The file, stocks, was chosen for a reason. It is typical of the data available through inexpensive services on the Internet-the data is very incomplete, (about 15% of the data for all equities represented in the file is missing, ie., there are "holes" in the time series data for all equities.) The -p and -P options for the tsinvest(1) program are reasonably effective in addressing incomplete data set issues.

Additionally, there are only 671 data points represented in the file, stocks. As a "rule of thumb," many analysts argue that an absolute minimum of 2,500 data points are required to produce a reasonably accurate analysis-although the tsshannoneffective(1) program disputes this assumption as being very optimistic. The -c and -C options for the tsinvest(1) program provide a reasonably effective method in addressing limited data set size issues.

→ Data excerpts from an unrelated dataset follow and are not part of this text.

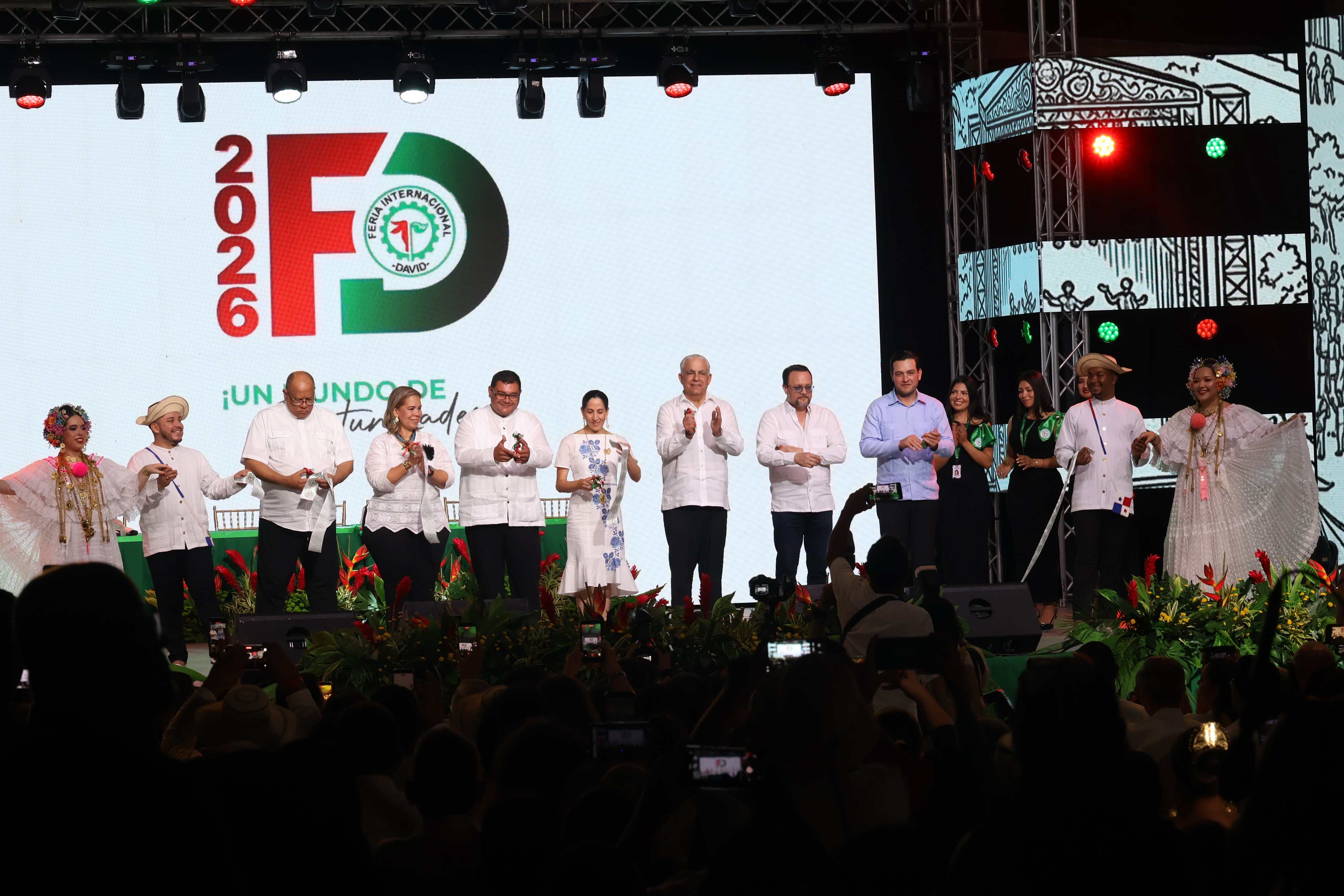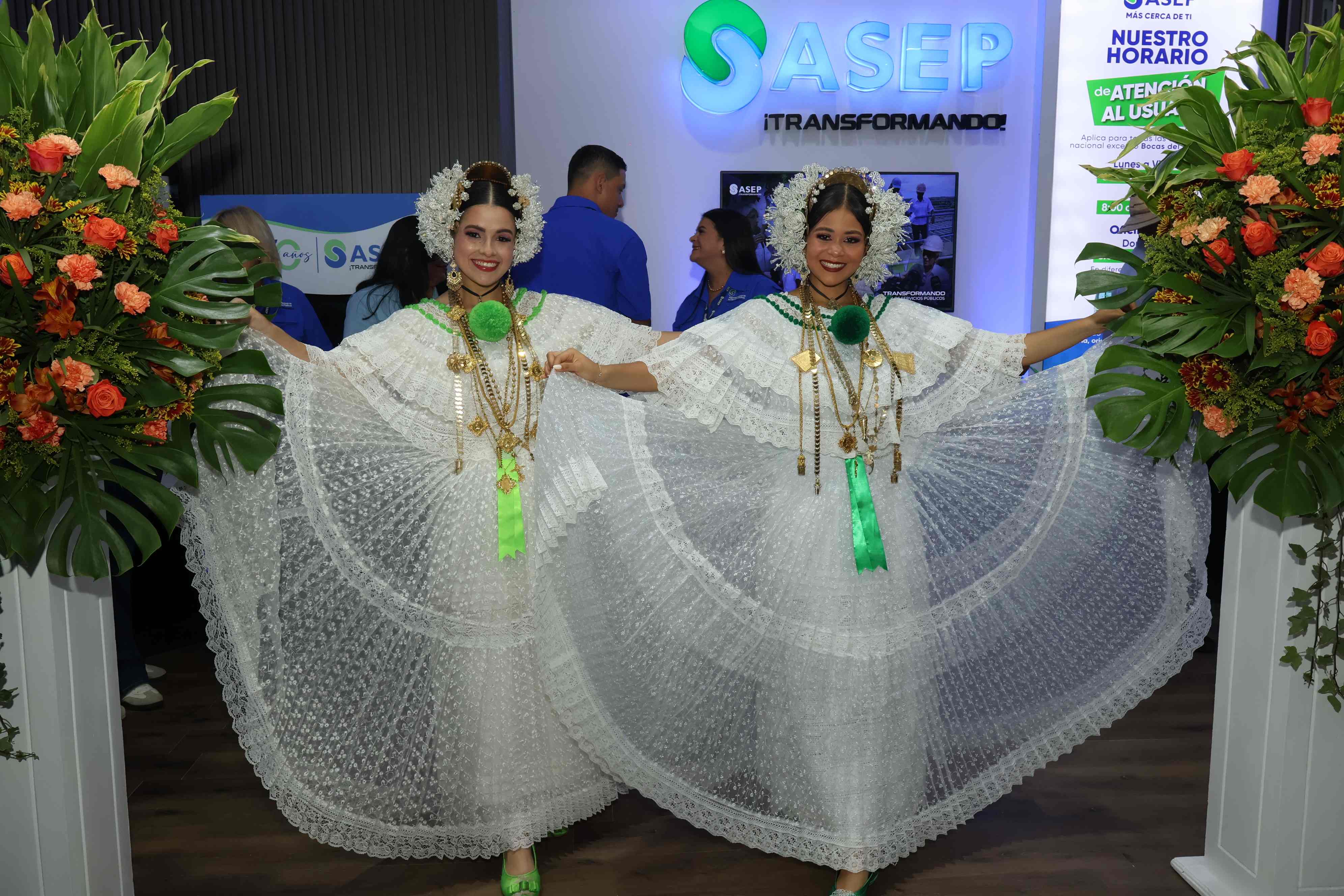 Dos bellas representantes de la mujer chiricana, ataviadas con polleras blancas, sostuvieron el listón ceremonial, al momento directivos de la Autoridad Nacional de los Servicios Públicos (ASEP) realizaran el corte inaugural de su pabellón en los locales 21 y 22 en la Feria Internacional de San José de David, en su versión No. 69.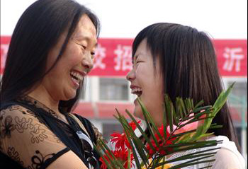 寫真(1):母親と抱き合う受験生の張暁潔さん=山東省臨沂市沂南県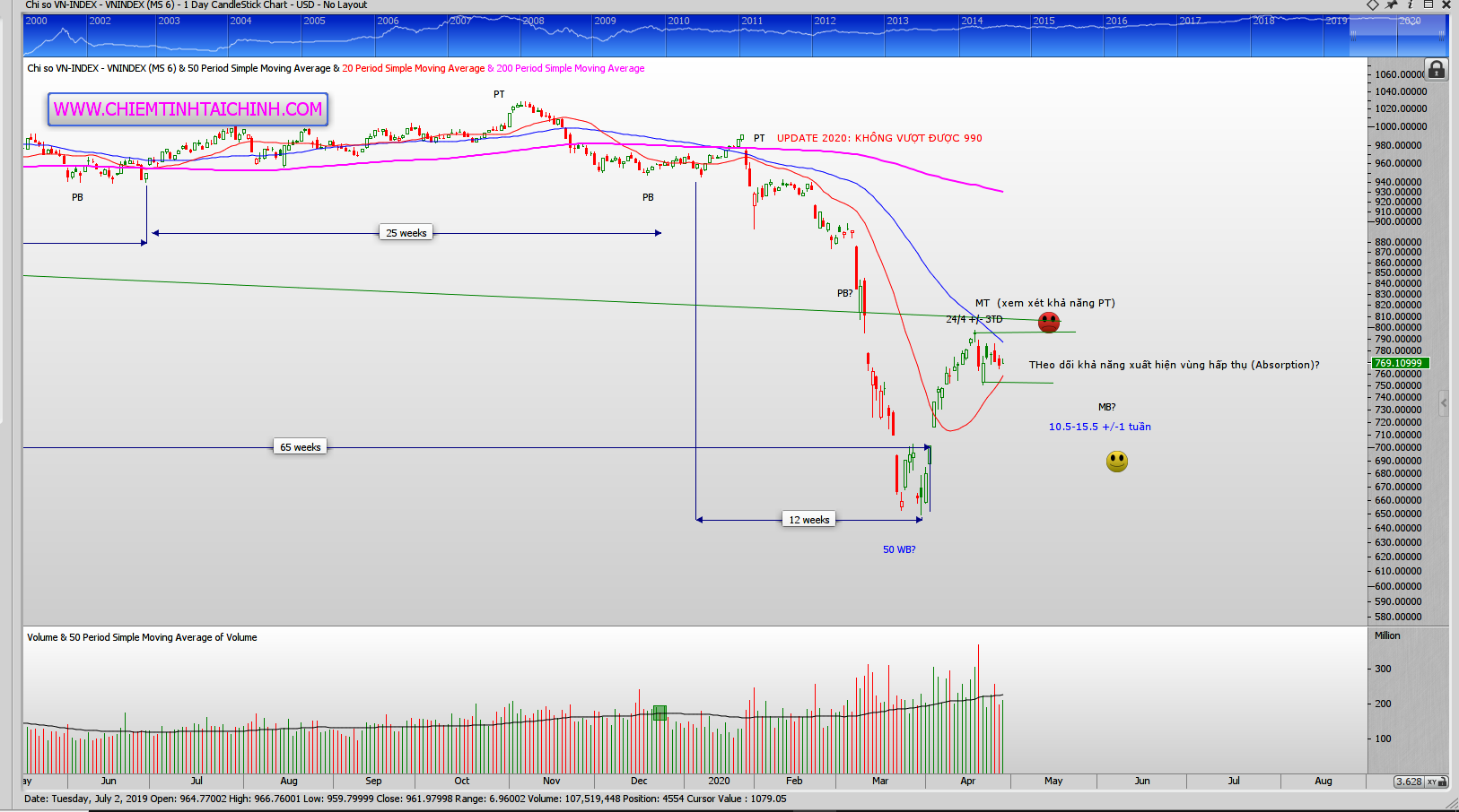 Chỉ số VN-Index vẫn có 3 ngày phân phối và triển vọng thị trường vẫn là Uptrend. Mặc dù có 3 ngày phân phối nhưng tôi đang nhìn thấy một sự phân phối có trật tự, chứ không phải là hành động bán hoảng loạn của big boy. Thậm chí, bạn đọc nên lưu ý khả năng đây chính là vùng Absorption (hấp thụ) của bigboy đối với nhỏ lẻ đã bắt trúng đáy nay muốn chốt lãi. Chúng tôi nghi ngờ khả năng này khi không có những cú đà bán tháo mạnh sau những phiên phân phối mạnh. Ví dụ như không có ngay bán tháo mạnh sau ngày phân phối 21/4/2020. Vẫn còn quá sớm để kết luận nhưng chúng tôi sẽ theo dõi kịch bản này và chờ đợi sự xác nhận của thị trường.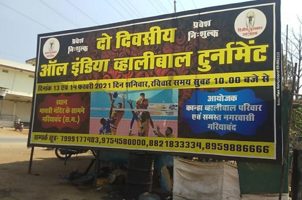 गरियांबद । कान्हा व्हालीबाल परिवार द्वारा 13 एवं 14 फरवरी को दो दिवसीय अखिल भारतीय व्हालीबाल प्रतियोगिता का आयोजन गायत्री मंदिर के पास गरियबन्द में किया गया है। इसका शुभारंभ समारोह 13 फरवरी को प्रातः 10 होगा, जिसके मुख्य अतिथि जिलाधीश नीलेश क्षीरसागर, अध्यक्ष पुलिस अधीक्षक भोजराज पटेल, विशेष अतिथि नगरपालिका अध्यक्ष गफ्फार मेमन के द्वारा किया जाना है उक्त प्रतियोगिता की तैयारी पूरी कर ली गई है जिसके विजेता टीम को 50 हजार रु. एवं उपविजेता टीम 30 हजार रु. की राशि प्रदान की जाएगी। नगर एवं अंचल के खेल प्रेमियों को इस प्रतियोगिता का बेसब्री से इंतजार है इसमें छत्तीसगढ़ के अलावा अन्य राज्यों की कुल 10 टीमें अपना जौहर दिखायेगी जिसमें कामठी (नागपुर) गुजरात, उत्तर प्रदेश रेलवे, साई पंजाब, आर्मी पुणे, ग्वालियर, छत्तीसगढ़ पुलिस, बी .एस. पी . भिलाई शामिल है इसी तरह इस अखिल भारतीय प्रतियोगिता में 4 गर्ल्स टीम भी हिस्सा लेगी। इस प्रतियोगिता का आयोजन कान्हा व्हालीबाल परिवार के द्वारा किया जा रहा है।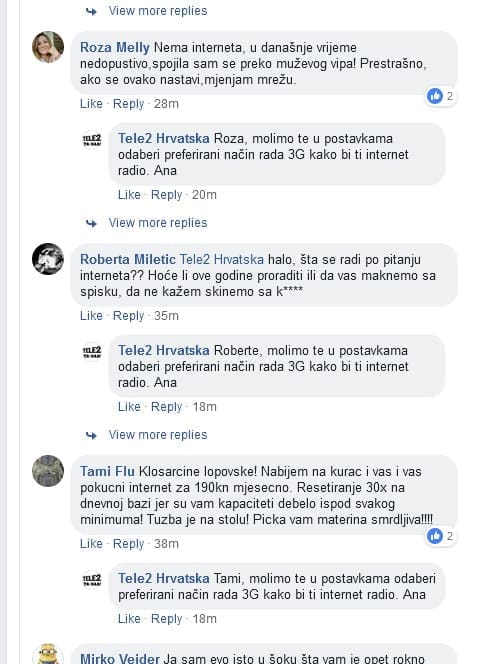 Brojni korisnici su se na problem požalili i na službenoj Facebook stranici teleoperatera gdje im administratori savjetuju da odaberu preferirani način rada 3G u postavkama. Pokušali smo, ne ide.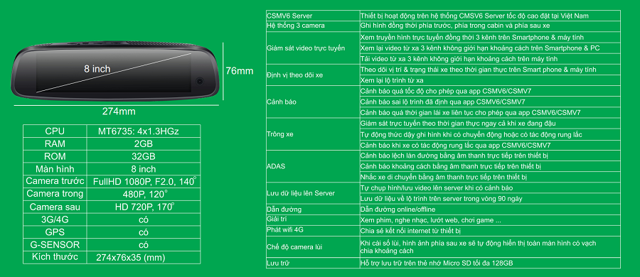 Navicom M79 plus là chiếc camera hành trình gương được trang bị cấu hình mạnh mẽ nhất trên thị trường hiện tại với 3 Camera, chíp xử lý MT6735, Ram 2Gb, bộ nhớ trong tới 32Gb, hỗ trợ khe cắm thẻ nhớ ngoài tới 128GB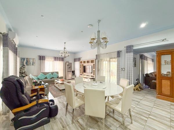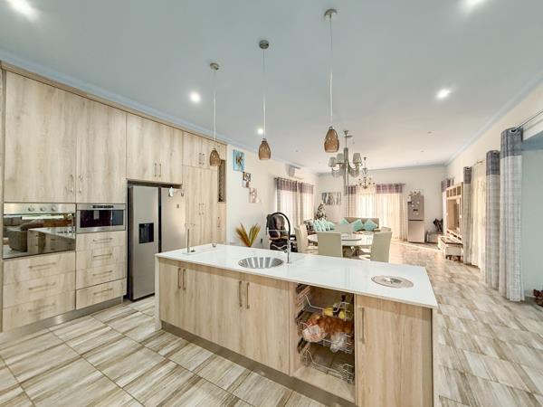 The home features three well-appointed bedrooms, with the main suite enjoying the privacy of a full en-suite bathroom. The remaining two bedrooms share a beautifully finished bathroom, ideal for children or guests. Expansive open-plan living areas are accentuated by tasteful finishes and an abundance of natural light, creating a warm and inviting atmosphere throughout. The generously sized kitchen is perfect for culinary enthusiasts, offering a modern layout with high-end finishes and a separate scullery for added convenience.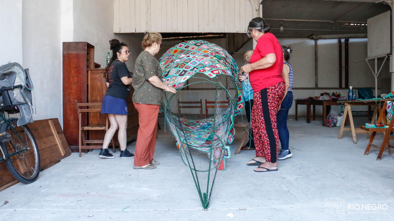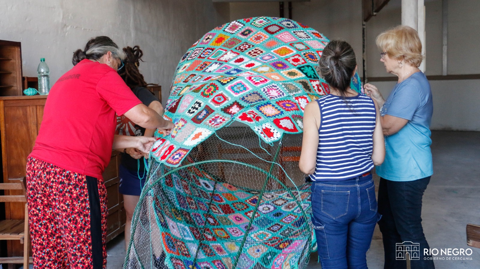 Uno de los grupos que se encuentra trabajando son las artesanas del Anglo que continúan trabajando en la preparación de su propio árbol, que será exhibido en los próximos días y sumará un aporte artístico destacado a esta iniciativa en Terminal de Ómnibus.

But how well do these options and the equity price models used in the tsinvest(1) program work?

If the equity price model used internally in the tsinvest(1) program is reasonably accurate, (ie., if real equity markets behave like the model says they should,) then a simulation on real equity data by the tsinvest(1) program could be concluded with a dump of the statistical data acquired in the simulation-and this data used by the tsinvestsim(1) program to make a data set for a hypothetical equity market, which could be compared against data set for the real market. Note that although no equity's graph will be recognizable, (each equity's price time series is generated by a random number generator in the tsinvestsim(1) program,) the comparison of the outputs of the tsinvest(1) program for both real and hypothetical data sets should be similar. (The data is presented in Table I and Table III, for comparison.)

This verification, (and regression testing,) was the reason the files, stocks, and, tests/stocks.data, were included in the distribution. (Note that the time interval represented by the file, stocks, was one of the highest equity value growth periods in the 20'th century-only equaled by the time interval 1921-1929.)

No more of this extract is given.